PlayerDominant CleanGuard ActionAttendanceIneffective Ruck Work Score
Porter1138233
Sheehan171214
Furlong210329
McCarthy1610515
Beirne2122130
O'Mahony210127
Van Der Flier18120
Doris69119
Gibson Park36
Crowley24
Lowe12
Aki1513
Henshaw510
Nash0
Keenan17115
Kelleher13227
Healy36
Bealham424
Henderson7115
Baird215
Conan113
Murray0
Frawley24

Top Five ORW Scorers

  1. Andrew Porter – 33 points
  2. Tadhg Beirne – 30 points
  3. Tadhg Furlong – 29 points
  4. Peter O’Mahony – 27 points
  5. Josh Van Der Flier – 20 points

Notes

• O’Mahony’s ORW was much higher than I initially thought, in part due to how narrow Ireland’s forwards were playing. O’Mahony is typically an edge forward with Van Der Flier following the rucks across the pitch but it seems that Ireland’s forward line narrowing has brought more traffic to O’Mahony, who is more than capable of mopping up that contact.

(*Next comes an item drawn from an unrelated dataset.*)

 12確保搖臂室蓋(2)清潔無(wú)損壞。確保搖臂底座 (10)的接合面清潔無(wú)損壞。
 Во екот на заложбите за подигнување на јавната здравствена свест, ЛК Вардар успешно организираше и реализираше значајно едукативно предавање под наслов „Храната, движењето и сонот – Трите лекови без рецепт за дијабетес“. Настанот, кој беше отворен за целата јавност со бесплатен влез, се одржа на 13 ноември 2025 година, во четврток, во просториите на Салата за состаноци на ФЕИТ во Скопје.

Van Der Flier’s numbers were lower than expected so I’ve dropped his Wally Rating score to two stars as a result.

• The ORW output from midfield and fullback was drastically lower than our previous three games, which tells us that Ireland didn’t hit the edges with the same regularity.

This is directly related to our lack of punch in the middle of the field where our forwards consistently failed to get over the gainline in settled phase play. How do we know this?

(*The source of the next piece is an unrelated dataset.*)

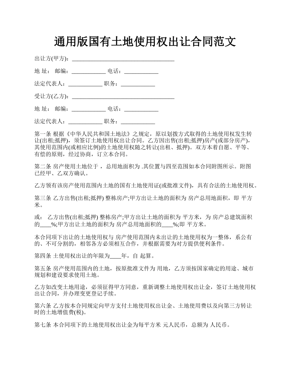 通用版国有土地使用权出让合同范文出让方(甲方):____________________________________地址:邮编:____________电话:____________法定代表人:____________职务:____________受让方(乙方):_________________...

We can track the number of Attendances at the breakdown where players typically cluster after passive carries. This is often a better judge of a team’s carrying than ineffective entries. Against England, we had 40 ruck entries marked as attendances which tells you more about the contact point than ruck speed, in my opinion. An attendance is usually either someone lengthening a ruck for a box kick – and we had a lot of that in this game – or it’s someone in a pod who’s had to check their advance when a carry got stopped dead and they end up as a passive entrant to the ruck.

We can see the uptick relative to the other games here.

• Joe McCarthy, Caelan Doris and Andrew Porter have way too many Attendances for me. Doris’ numbers in this game were about as low as I’ve ever seen from him in a green jersey. The closest I have to this performance was his 24 ORW points scored against Samoa in the World Cup warmup game in 2023. It felt like the game bypassed Doris, especially as he seemed to be our primary forward carrier in the absence of Joe McCarthy who got completely dominated in three of his four carries by the English forward defence. He increased his ORW numbers when he switched to Van Der Fliers role for the last third of the game.

• With no targets to hit outside of the unbelievable ball-carrying of Bundee Aki, our ruck work had no flow so attacks ground to a halt.

When we look at the CORW mapped across the 80 minutes we, once again, see aberrations.

Three of the five lowest 10-minute blocks for ORW scoring in the Six Nations so far happened in this game, which gives you an idea of the problems we ran into when it came to advancing the ball through the forwards.

When you combine that with the high volume of kicking we had, it meant we never managed to build consistent pressure on England. It was the other way around. We tried to kick to a position where England would surrender possession to us the way wanted it but that plan didn’t work – our defensive transition was too porous and England’s offensive transition was much better than we assumed – so we lost time, momentum and scoring windows playing a game that we weren’t playing in the previous two rounds.

The big learning here?

Having one approach for physically dominant away games won’t work when the plan for home games is wildly different.